_EXERCISE OBJECTIVE_
Using the data below, print exactly the line with "Capture the beauty", the line with "Купить Пакеты для", and every line between them, but none of the pictures.

_RECORDS PROVIDED_
[Start of section]
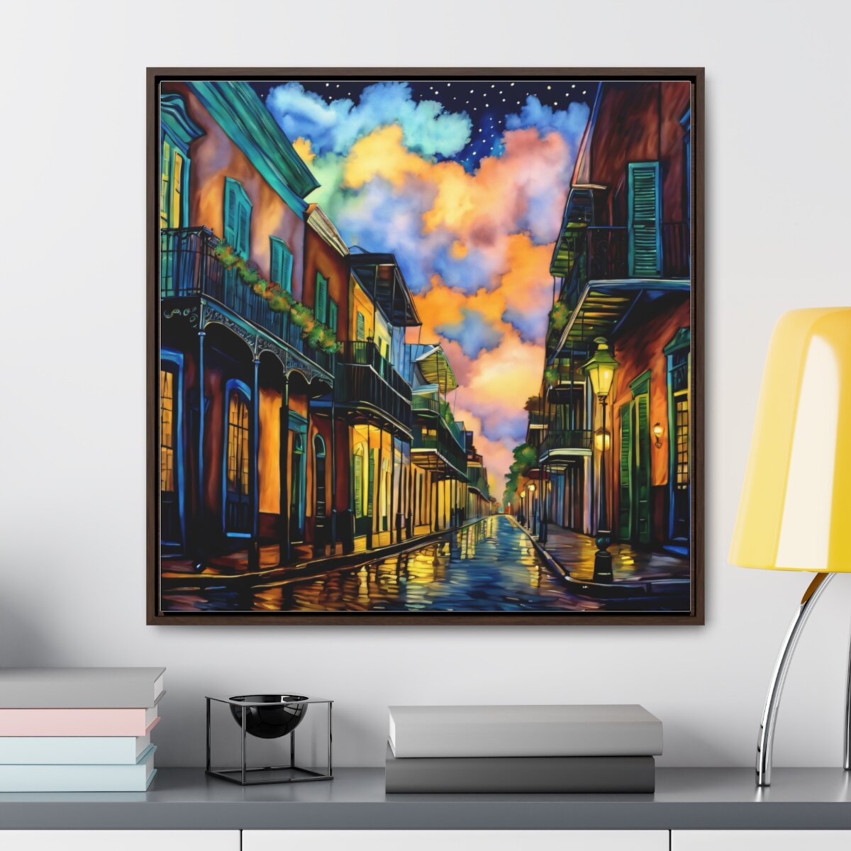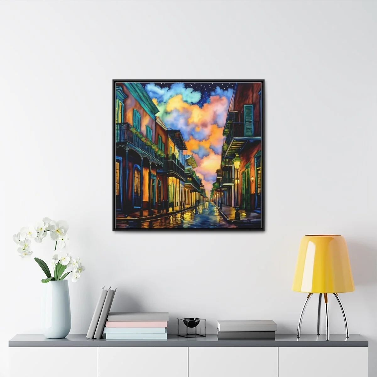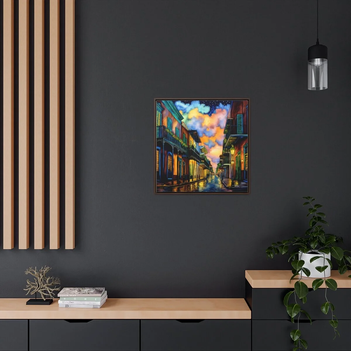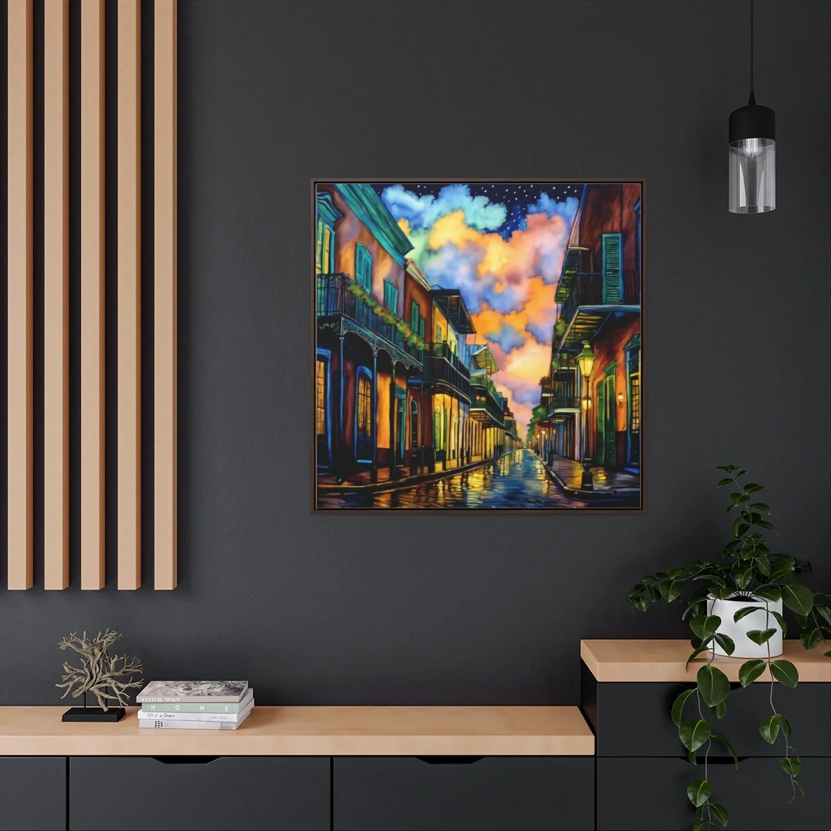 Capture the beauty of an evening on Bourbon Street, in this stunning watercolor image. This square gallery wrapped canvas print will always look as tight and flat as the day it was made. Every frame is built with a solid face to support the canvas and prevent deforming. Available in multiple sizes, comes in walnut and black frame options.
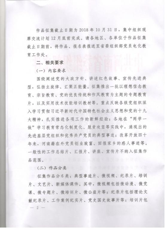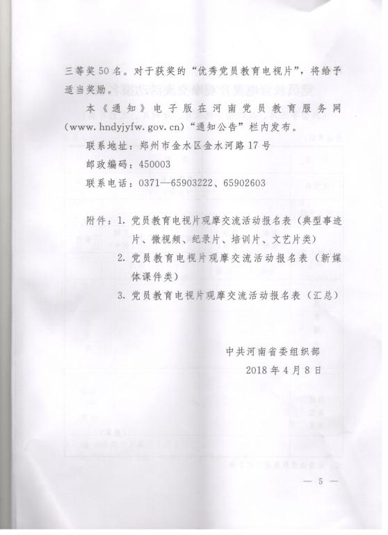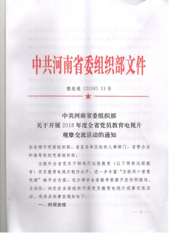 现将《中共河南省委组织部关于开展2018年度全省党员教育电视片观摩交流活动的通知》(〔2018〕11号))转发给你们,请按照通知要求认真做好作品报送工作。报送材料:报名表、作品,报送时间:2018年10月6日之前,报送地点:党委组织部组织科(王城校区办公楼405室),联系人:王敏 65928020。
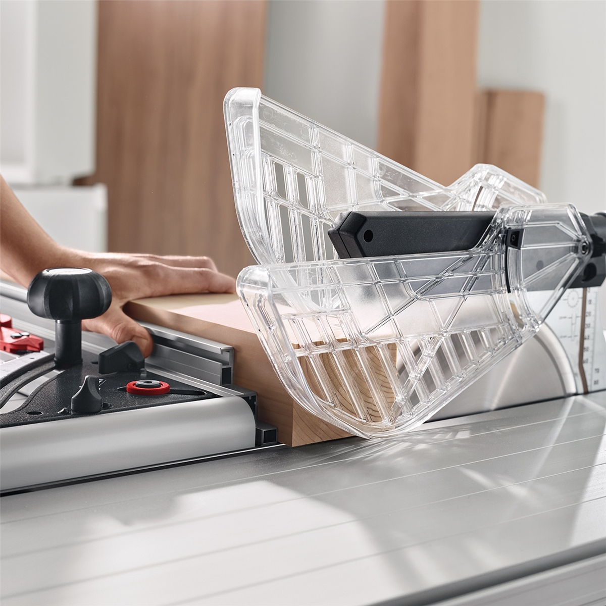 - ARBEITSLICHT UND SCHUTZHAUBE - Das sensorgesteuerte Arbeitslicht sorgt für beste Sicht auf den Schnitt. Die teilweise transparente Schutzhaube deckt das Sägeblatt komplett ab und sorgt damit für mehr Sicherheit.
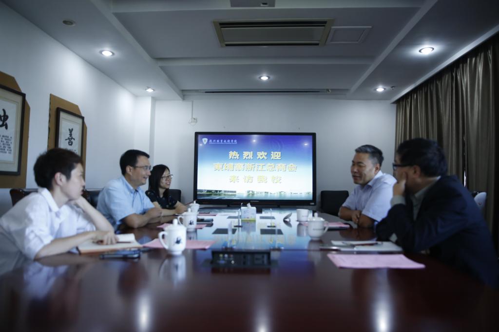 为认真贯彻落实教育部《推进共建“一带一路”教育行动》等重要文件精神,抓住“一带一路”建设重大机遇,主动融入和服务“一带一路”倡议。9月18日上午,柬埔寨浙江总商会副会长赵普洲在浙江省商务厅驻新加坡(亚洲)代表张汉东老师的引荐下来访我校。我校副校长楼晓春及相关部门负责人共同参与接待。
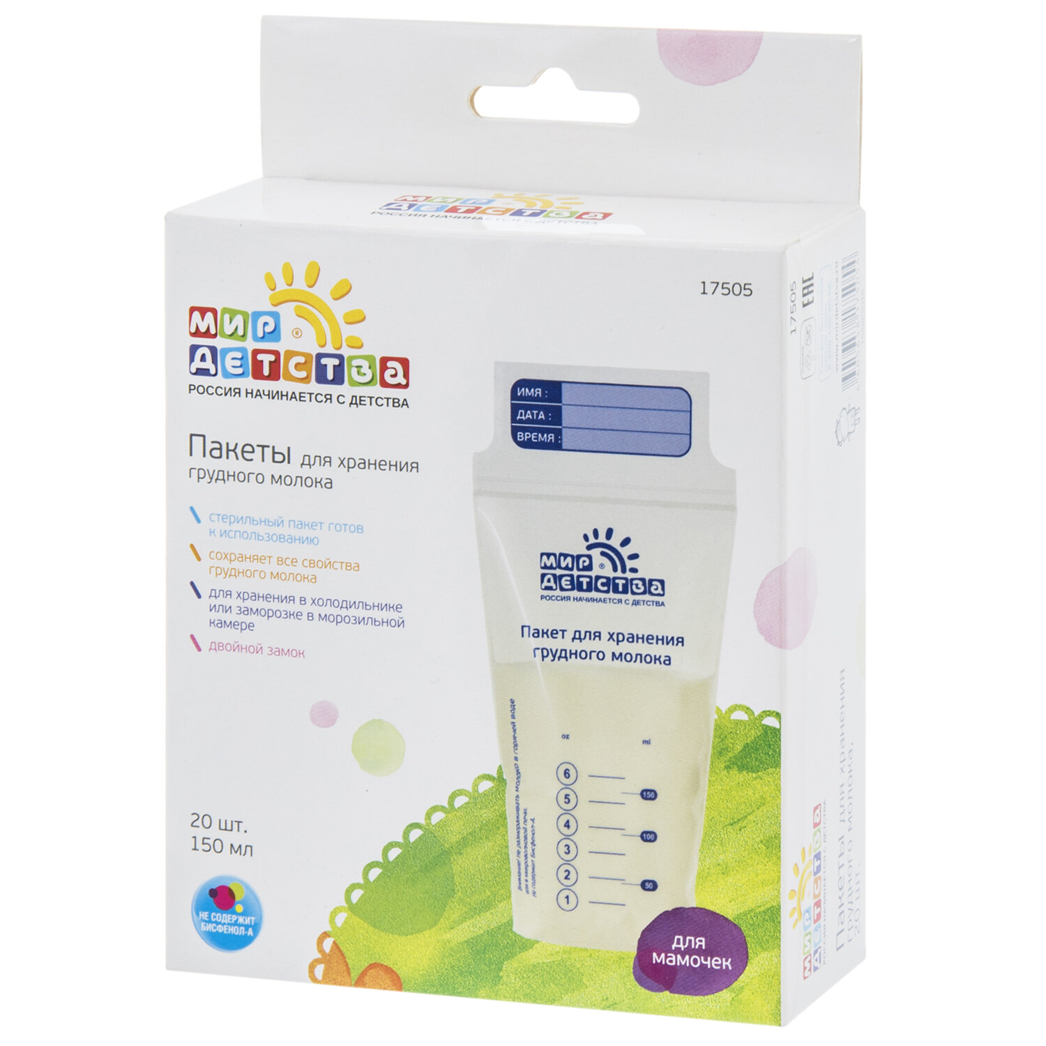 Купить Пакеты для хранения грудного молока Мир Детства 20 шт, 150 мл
[End of section]
[Start of section]
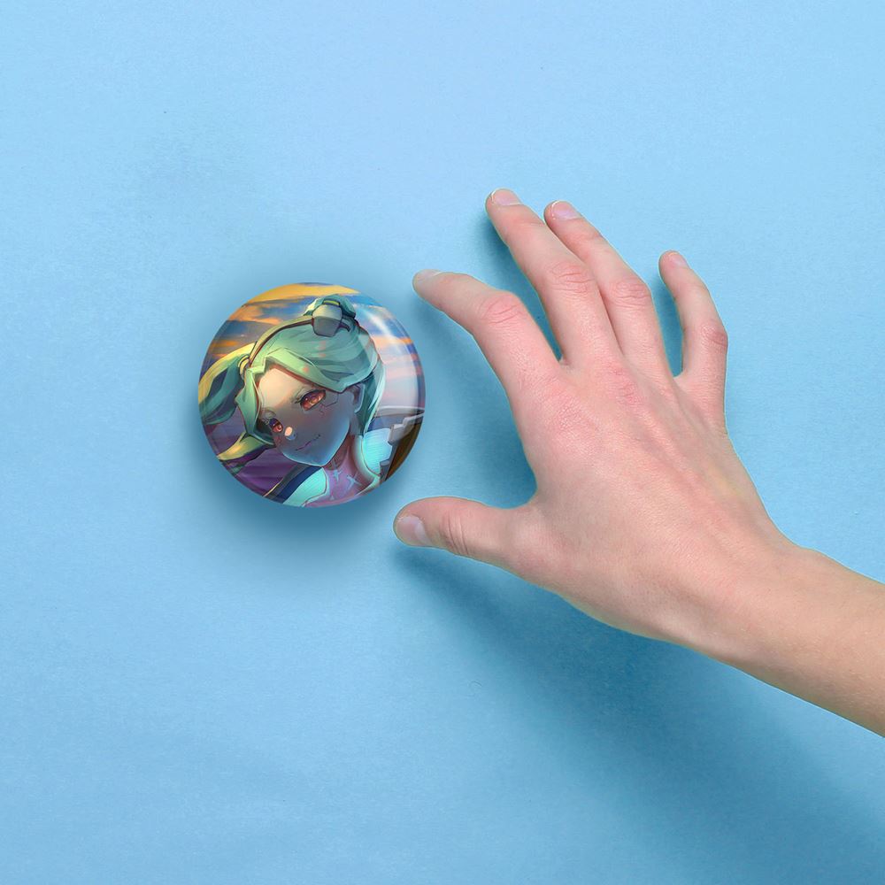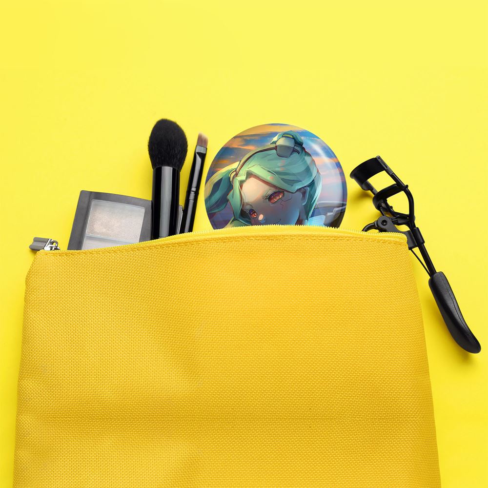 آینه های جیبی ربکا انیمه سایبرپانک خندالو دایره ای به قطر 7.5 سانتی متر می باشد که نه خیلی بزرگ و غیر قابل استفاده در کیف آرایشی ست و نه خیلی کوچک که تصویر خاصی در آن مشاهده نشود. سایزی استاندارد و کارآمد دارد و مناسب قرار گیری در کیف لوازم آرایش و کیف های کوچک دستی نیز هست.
[End of section]
[Start of section]
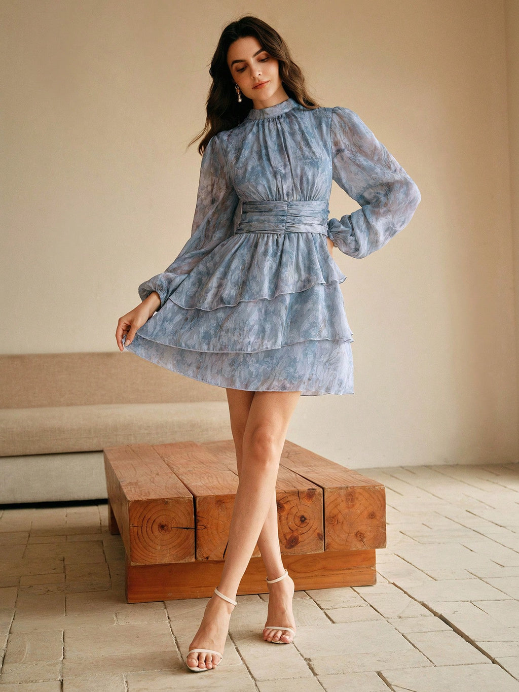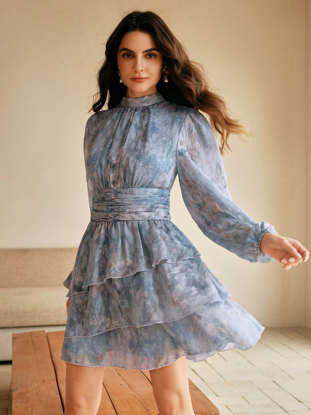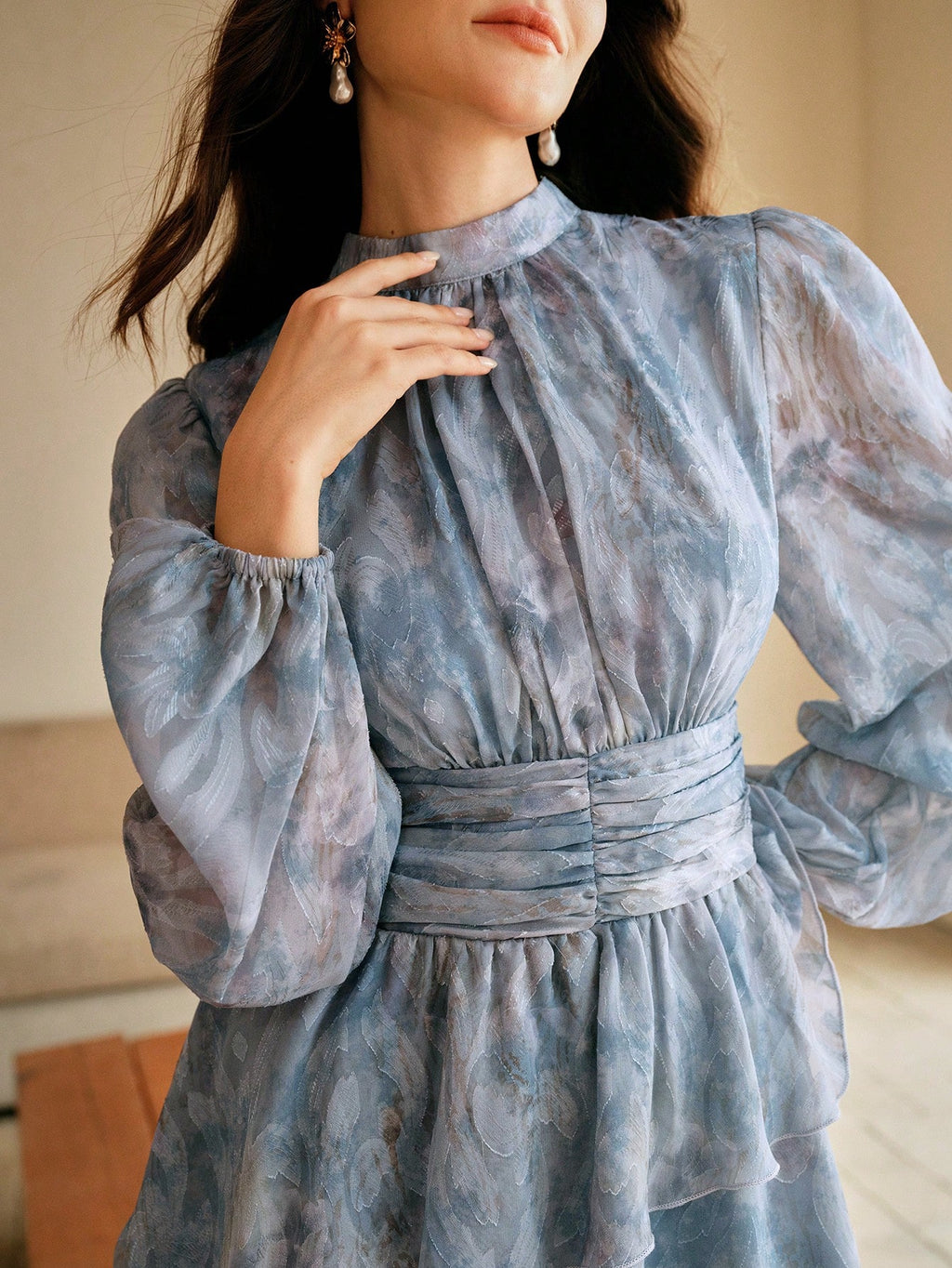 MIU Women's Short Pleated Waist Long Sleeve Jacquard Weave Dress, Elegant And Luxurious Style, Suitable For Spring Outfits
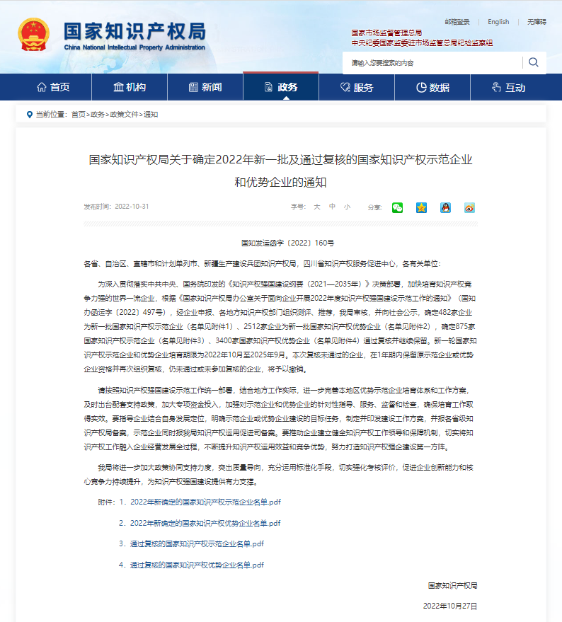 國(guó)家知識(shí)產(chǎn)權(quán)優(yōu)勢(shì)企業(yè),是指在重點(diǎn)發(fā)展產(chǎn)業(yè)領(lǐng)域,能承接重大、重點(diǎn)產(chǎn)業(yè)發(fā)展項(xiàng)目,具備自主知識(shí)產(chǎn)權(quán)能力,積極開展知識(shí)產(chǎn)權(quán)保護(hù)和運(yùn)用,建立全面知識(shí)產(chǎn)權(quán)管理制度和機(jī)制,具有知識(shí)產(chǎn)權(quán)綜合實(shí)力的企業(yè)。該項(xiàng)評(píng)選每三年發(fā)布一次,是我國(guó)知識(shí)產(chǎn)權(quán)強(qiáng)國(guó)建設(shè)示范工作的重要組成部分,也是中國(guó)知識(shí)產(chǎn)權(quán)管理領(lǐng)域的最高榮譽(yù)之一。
[End of section]
_THE COMPLETED TASK_
 Capture the beauty of an evening on Bourbon Street, in this stunning watercolor image. This square gallery wrapped canvas print will always look as tight and flat as the day it was made. Every frame is built with a solid face to support the canvas and prevent deforming. Available in multiple sizes, comes in walnut and black frame options.
 现将《中共河南省委组织部关于开展2018年度全省党员教育电视片观摩交流活动的通知》(〔2018〕11号))转发给你们,请按照通知要求认真做好作品报送工作。报送材料:报名表、作品,报送时间:2018年10月6日之前,报送地点:党委组织部组织科(王城校区办公楼405室),联系人:王敏 65928020。
 - ARBEITSLICHT UND SCHUTZHAUBE - Das sensorgesteuerte Arbeitslicht sorgt für beste Sicht auf den Schnitt. Die teilweise transparente Schutzhaube deckt das Sägeblatt komplett ab und sorgt damit für mehr Sicherheit.
 为认真贯彻落实教育部《推进共建“一带一路”教育行动》等重要文件精神,抓住“一带一路”建设重大机遇,主动融入和服务“一带一路”倡议。9月18日上午,柬埔寨浙江总商会副会长赵普洲在浙江省商务厅驻新加坡(亚洲)代表张汉东老师的引荐下来访我校。我校副校长楼晓春及相关部门负责人共同参与接待。
 Купить Пакеты для хранения грудного молока Мир Детства 20 шт, 150 мл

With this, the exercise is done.